Je ne peux pas m’arrêter de prendre les azulejos en photo. Ces carreaux céramiques sont peints avec une première couche de fond, puis décorés de différents motifs, surtout en bleu-claire, vert, miel et brun. Ils datent de l’époque quand le Portugal était arabe. On les trouve partout à Lisbonne, nombreuses maisons en sont entièrement ou partiellement couverts, ce qui apporte une touche arabe à la ville. Le musée des Azulejos vaut absolument la peine d’être visité, il y a des œuvres tout simplement magnifiques.
Avec la carte Viva Viagem rechargeable pour le transport public, nous partons dimanche à Belém en train. Prendre les transports publics n’est pas compliqué, c’est bien organisé et aux caisses pour recharger la carte, des assistants aident aux touristes à recharger leur carte. Belém, où le Tejo se jette dans l’Atlantique, est le lieu où on se rappelle de l’époque quand le Portugal était une nation de découvreurs et de grands marins. Vasco da Gama est parti pour l’Inde en 1497 depuis Belém. Selon les guides de voyage, la meilleure boulangerie de Lisbonne se trouve également dans ce quartier de la ville et c’est ici où il fait goûter ces fameuses tartelettes à la vanille avec de la cannelle et du sucre de glace, les « Pasteìs de Nata ». Nous faisons la queue devant la boulangerie pour en acheter, mais ça vaut la peine, nous les trouvons excellent, toutefois, cela nous suffit pour toute la semaine, parce qu’elles sont très lourdes. Les Eletricos sont malheureusement complètement surchargés, pour cette raison nous retournons en ville avec le bus, sur la belle et grande Praça de Commercio au bord du Tejo. Le soir nous mangeons encore quelque chose dans la chaleureuse Esplanada au parc à côté de notre pension, elle devient mon lieu préféré et nous y retournons encore plusieurs fois dans la semaine.
Lundi nous nous promenons dans les ruelles de notre quartier, mais aussi à Chiado, le quartier qui se trouve plus bas vers le Tejo. Au Kiosque au Miraduro Santa Catharina nous admirons la vue sur la ville et le Tejo avec un café. Blanche est la couleur principale de la ville, mais il y a aussi des maisons peintes en jaune-blanche, bleu clair ou rouge-blanche, et avec la couleur terracotta des tuiles, ce sont les couleurs de la ville.

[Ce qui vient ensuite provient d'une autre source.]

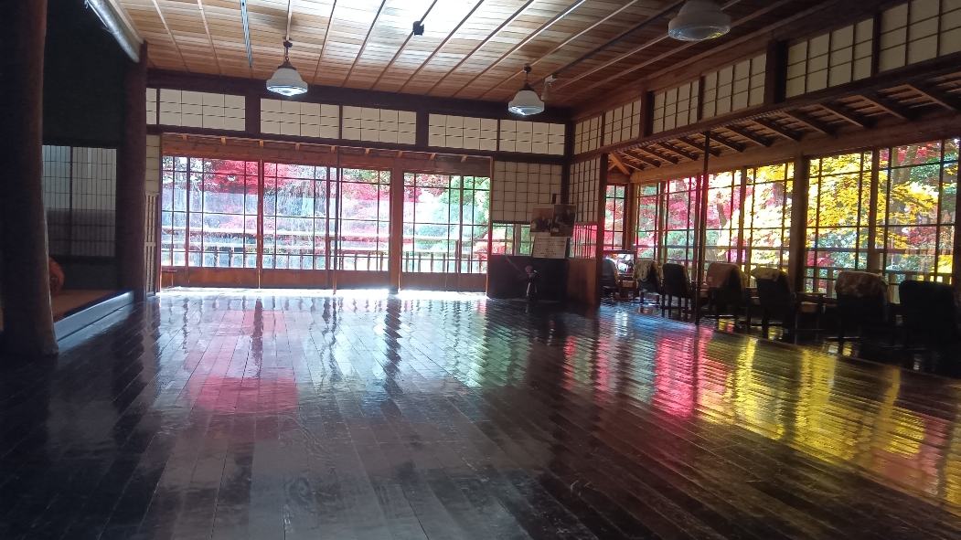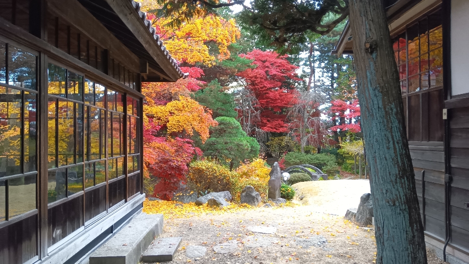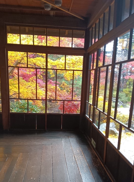 11/17(日)まで紅葉の庭園ライトアップにお越しの皆様ありがとうございました。 おかげさまで、昨年の1.5倍のお客様に楽しんでいただきました。 南昌荘は街の中にあるので、のんびり色づき、のんびり散ります。 写真は18日(月)の様子です。 明日20日(水)からは名残りもみじをどうぞ。

Dans l’Eletrico 28, avec lequel tous les guides de voyage proposent de faire un tour en ville, nous n’arrivons pas à trouver une place. Les touristes y sont tassés comme les sardines dans les conserves. Nous montons finalement dans l’Eletrico 24, il est moins connu mais il y a de la place.
Pour visiter la veille ville, Alfama, nous prenons le métro. Alfama, qui a été épargné lors du grand séisme qui a détruit une grande partie de Lisbonne en 1755, est un labyrinthe de petites ruelles avec des maisons blanches, décorées d’azulejos et beaucoup de locaux de Fado, la musique mélancolique typique du Portugal. Il y a aussi beaucoup de touristes, puisque les énormes bateaux de croisière s’arrêtent surtout en septembre et octobre dans la capitale portugaise.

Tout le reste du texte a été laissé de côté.